**Source data:**
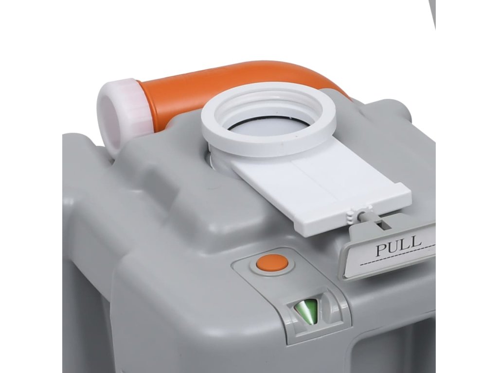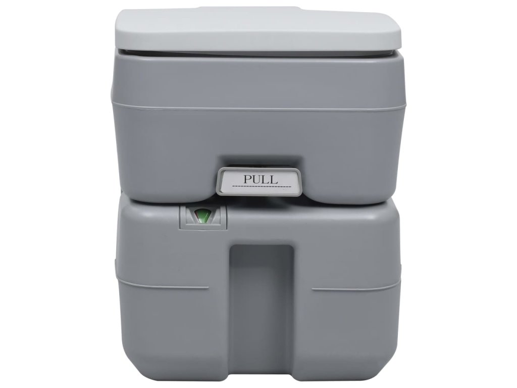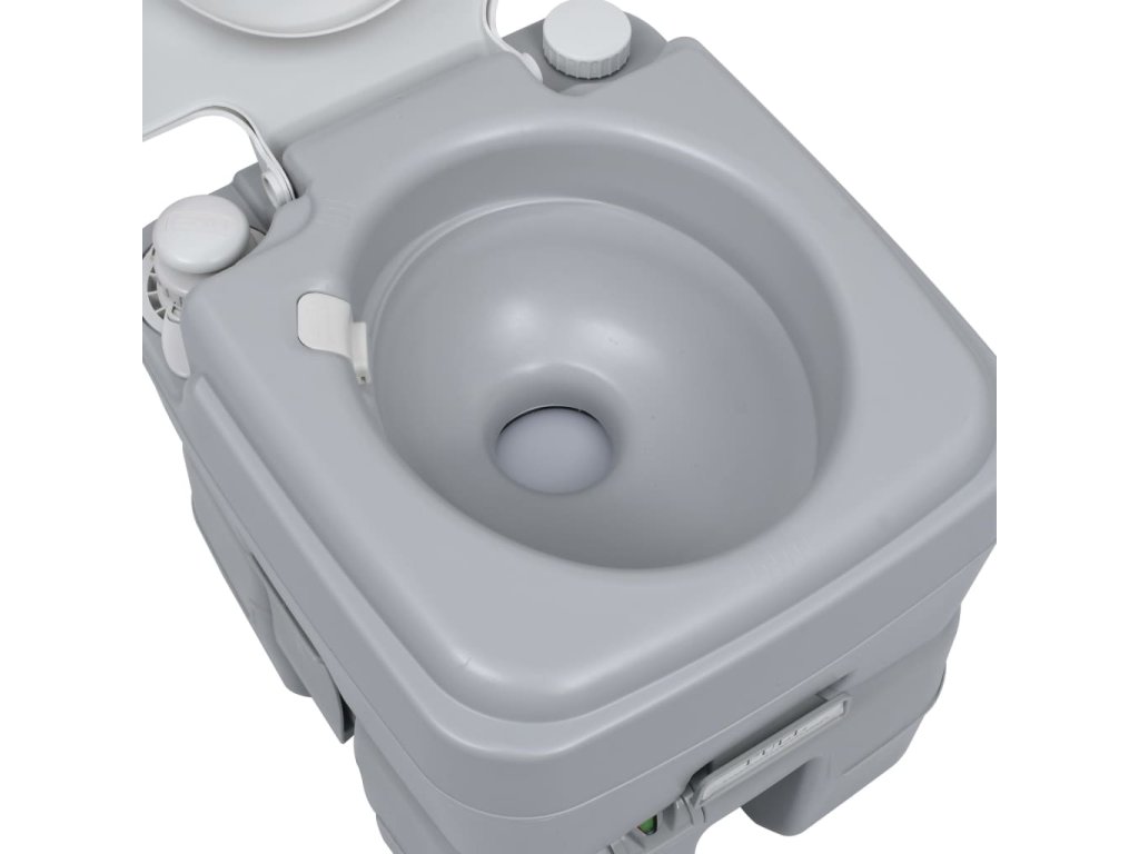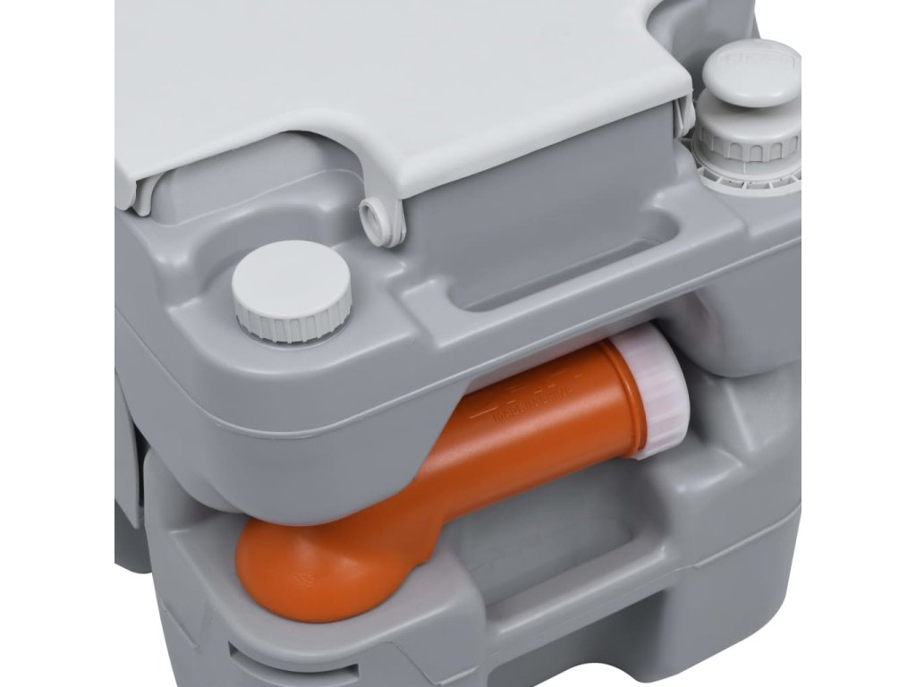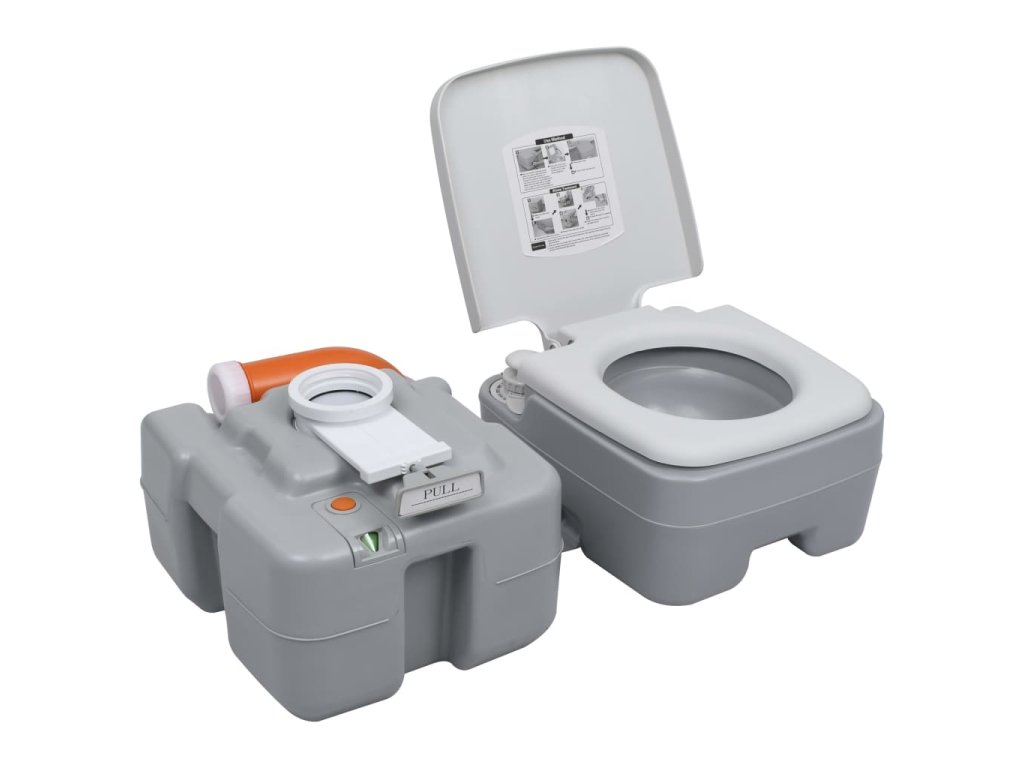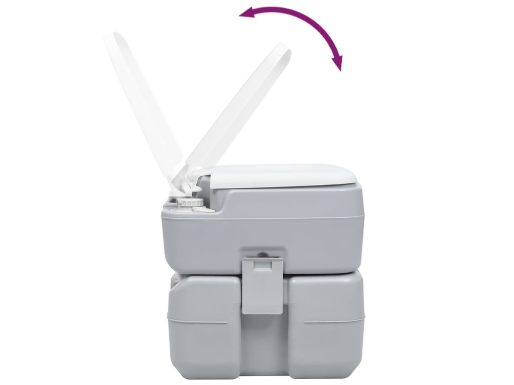 Kempingová toaleta je vyrobená z pevného polyetylénového PP materiálu s vysokou hustotou, vďaka čomu je pevná. Unesie hmotnosť až 200 kg. WC pre karavany je vybavené moderným piestovým čerpadlom, ktoré splachuje omnoho čistejšie ako v prípade mechového čerpadla. Jeho 3-cestné splachovanie typu T uľahčuje odstraňovanie odpadu, zatiaľ čo otočná výlevka umožňuje rýchle vyprázdnenie bez rozliatia. Kempingová toaleta má 10-litrový zásobník na čerstvú vodu, ktorý vám umožní najmenej 50 spláchnutí. Bočné západky uľahčujú oddelenie alebo upevnenie oboch nádrží. Posuvný ventil pomáha chrániť pred únikmi a zápachu. Prenosná toaleta je naviac navrhnutá s indikátorom hladiny, ktorý ukazuje množstvo odpadu vnútri. Naša toaleta sa ľahko prenáša a má ľahký a kompaktný dizajn.
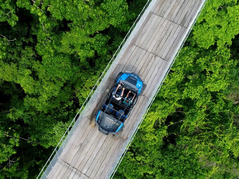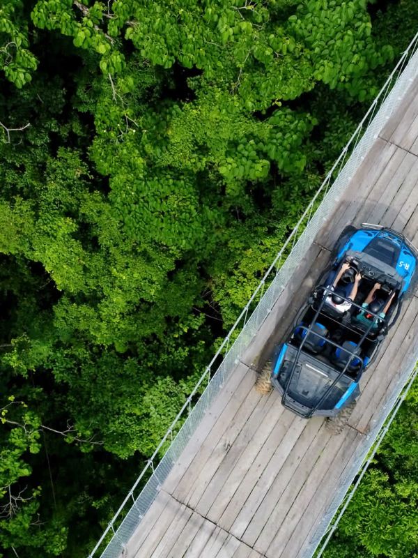 A bordo de un vehículo todoterreno cruzarás el puente colgante más largo del mundo con 470 metros de largo y 150 metros de altura, donde la adrenalina te hará disfrutar de un recorrido lleno de aventura por territorios cubiertos de terracería y un escenario natural que te robará el aliento complementado con una hermosa cascada, perfecta para nadar con tu familia o amigos.
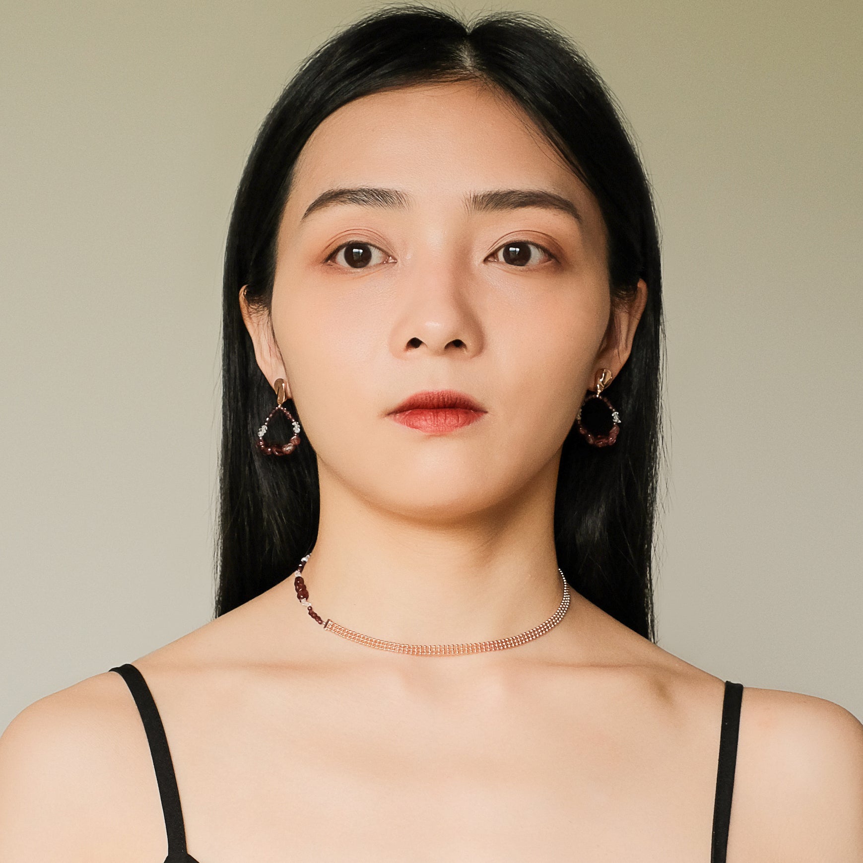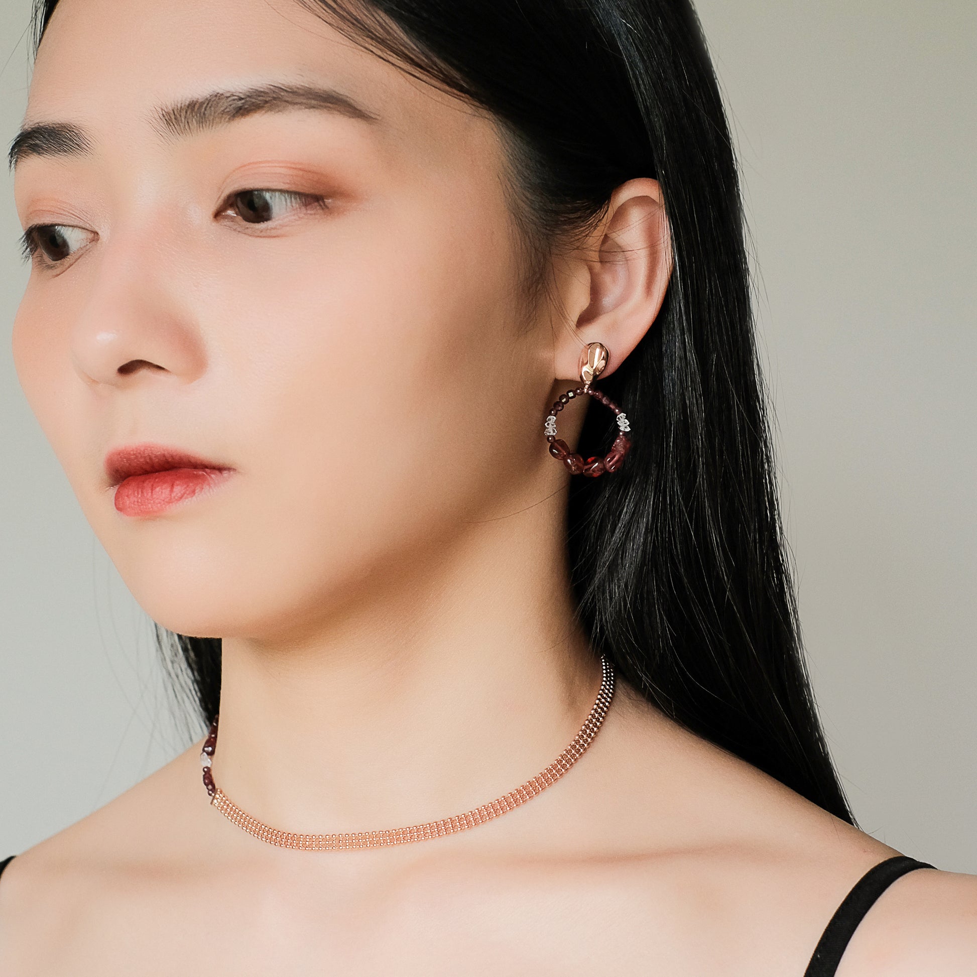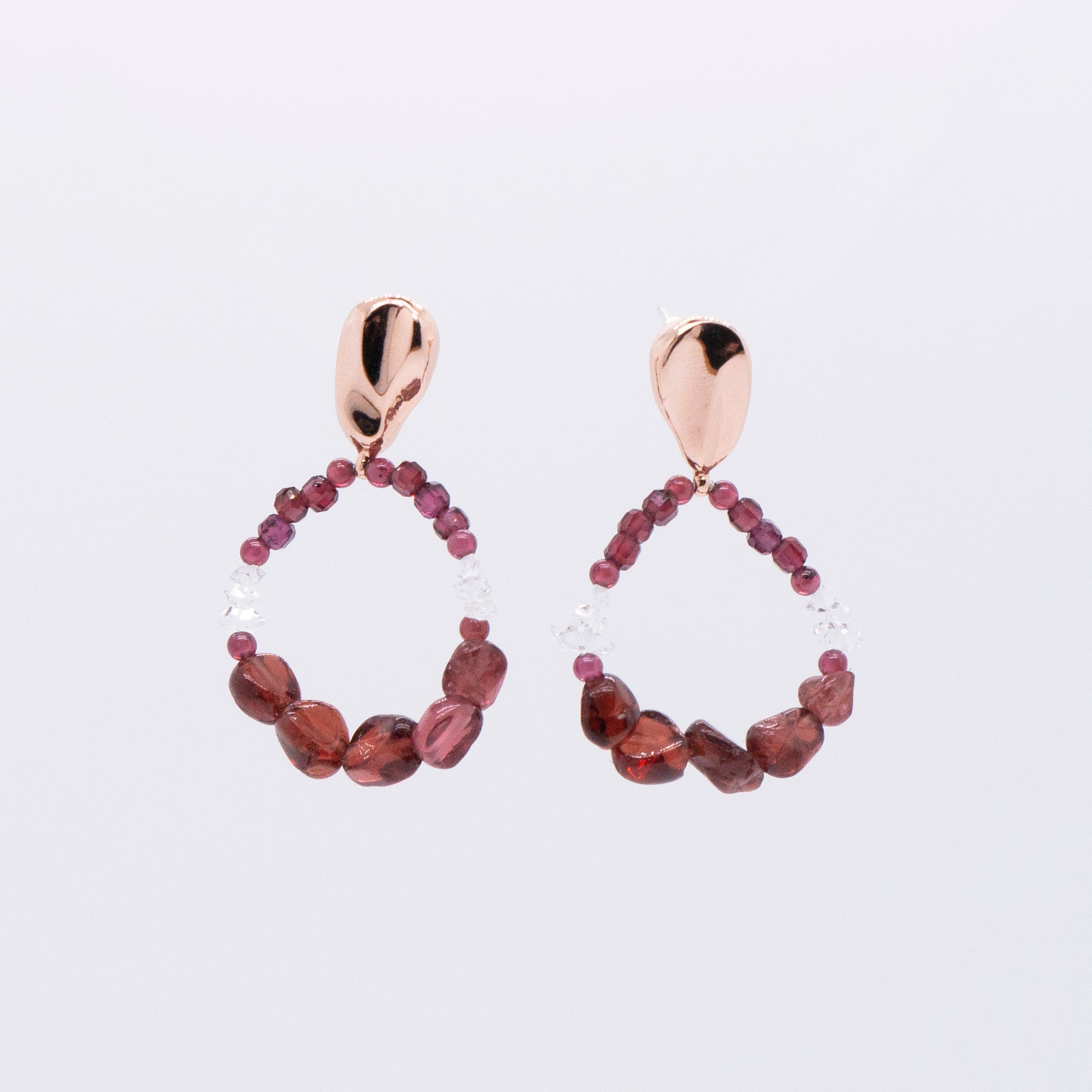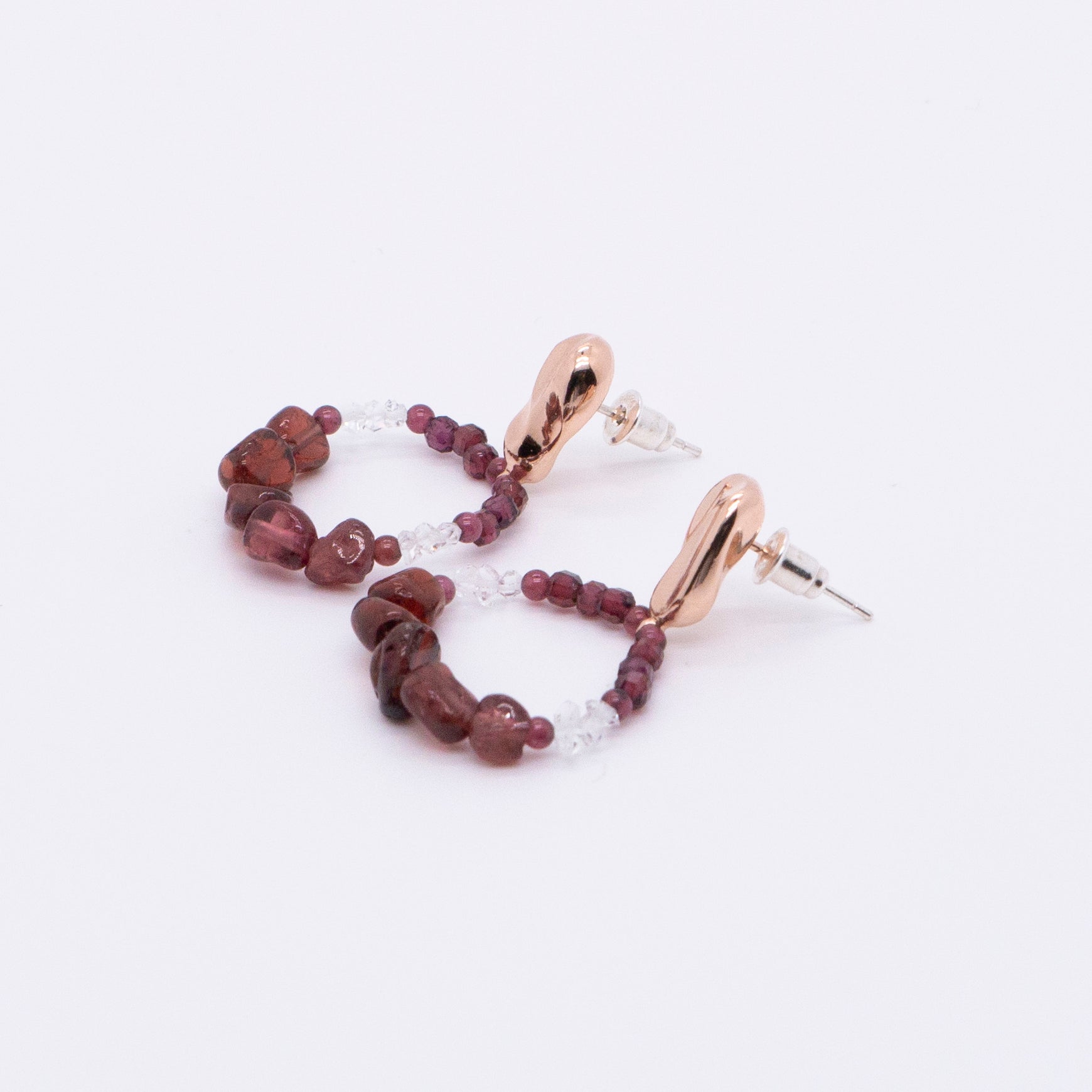 / 商品規格- 材質:黃銅厚鍍玫瑰金、純銀耳針與後扣、閃靈鑽(赫基蒙水晶)、天然石榴石

**Instructions for the task:**
Would you give the data above again word for word, skipping any images?

**Response to the exercise:**
 Kempingová toaleta je vyrobená z pevného polyetylénového PP materiálu s vysokou hustotou, vďaka čomu je pevná. Unesie hmotnosť až 200 kg. WC pre karavany je vybavené moderným piestovým čerpadlom, ktoré splachuje omnoho čistejšie ako v prípade mechového čerpadla. Jeho 3-cestné splachovanie typu T uľahčuje odstraňovanie odpadu, zatiaľ čo otočná výlevka umožňuje rýchle vyprázdnenie bez rozliatia. Kempingová toaleta má 10-litrový zásobník na čerstvú vodu, ktorý vám umožní najmenej 50 spláchnutí. Bočné západky uľahčujú oddelenie alebo upevnenie oboch nádrží. Posuvný ventil pomáha chrániť pred únikmi a zápachu. Prenosná toaleta je naviac navrhnutá s indikátorom hladiny, ktorý ukazuje množstvo odpadu vnútri. Naša toaleta sa ľahko prenáša a má ľahký a kompaktný dizajn.
 A bordo de un vehículo todoterreno cruzarás el puente colgante más largo del mundo con 470 metros de largo y 150 metros de altura, donde la adrenalina te hará disfrutar de un recorrido lleno de aventura por territorios cubiertos de terracería y un escenario natural que te robará el aliento complementado con una hermosa cascada, perfecta para nadar con tu familia o amigos.
 / 商品規格- 材質:黃銅厚鍍玫瑰金、純銀耳針與後扣、閃靈鑽(赫基蒙水晶)、天然石榴石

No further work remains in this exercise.